▸ **TASK DESCRIPTION**
After removing every image, reproduce the data exactly as it appears.

[[ SOURCE DATA, beginning ]]

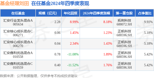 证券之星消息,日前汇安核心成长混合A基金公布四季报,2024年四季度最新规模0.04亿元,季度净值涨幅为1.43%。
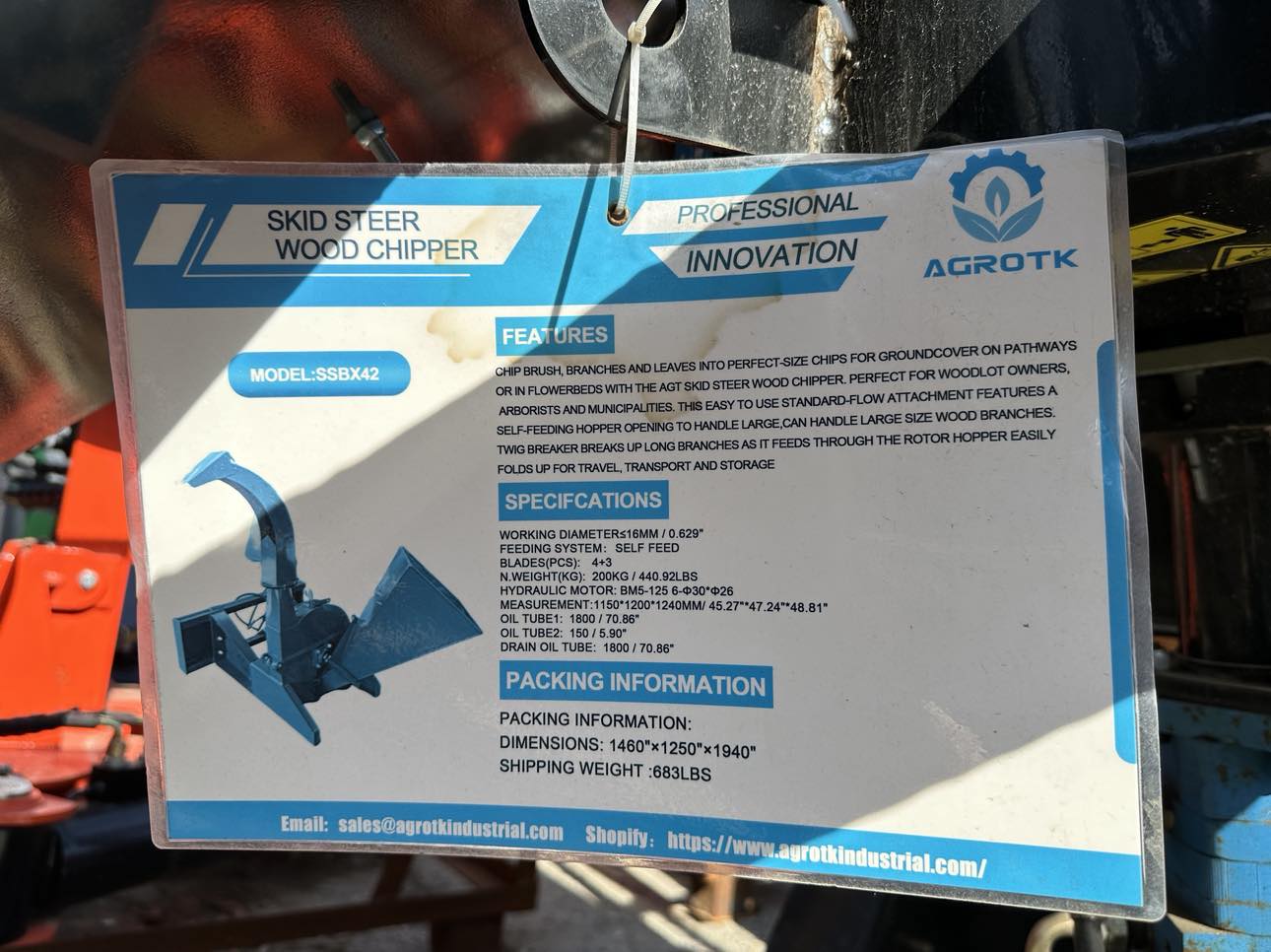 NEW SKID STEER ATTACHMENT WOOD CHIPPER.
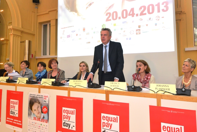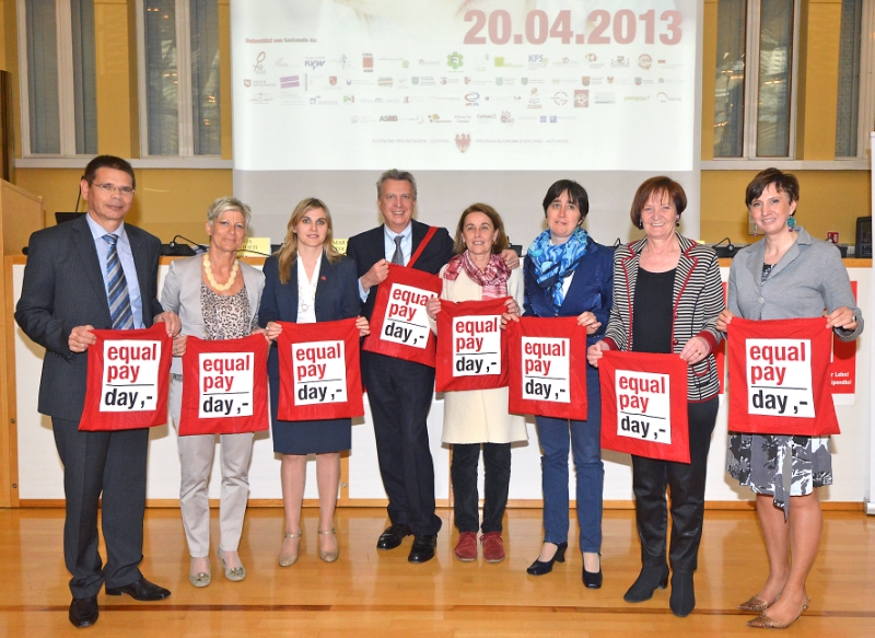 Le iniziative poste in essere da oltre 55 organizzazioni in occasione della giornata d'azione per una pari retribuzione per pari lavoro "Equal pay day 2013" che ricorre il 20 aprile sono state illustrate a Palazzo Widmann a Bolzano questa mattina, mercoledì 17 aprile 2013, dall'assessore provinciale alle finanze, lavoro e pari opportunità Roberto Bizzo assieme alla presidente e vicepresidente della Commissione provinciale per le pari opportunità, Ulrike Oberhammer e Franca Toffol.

[[ SOURCE DATA, end ]]

▸ **SOLVED EXERCISE**
 证券之星消息,日前汇安核心成长混合A基金公布四季报,2024年四季度最新规模0.04亿元,季度净值涨幅为1.43%。
 NEW SKID STEER ATTACHMENT WOOD CHIPPER.
 Le iniziative poste in essere da oltre 55 organizzazioni in occasione della giornata d'azione per una pari retribuzione per pari lavoro "Equal pay day 2013" che ricorre il 20 aprile sono state illustrate a Palazzo Widmann a Bolzano questa mattina, mercoledì 17 aprile 2013, dall'assessore provinciale alle finanze, lavoro e pari opportunità Roberto Bizzo assieme alla presidente e vicepresidente della Commissione provinciale per le pari opportunità, Ulrike Oberhammer e Franca Toffol.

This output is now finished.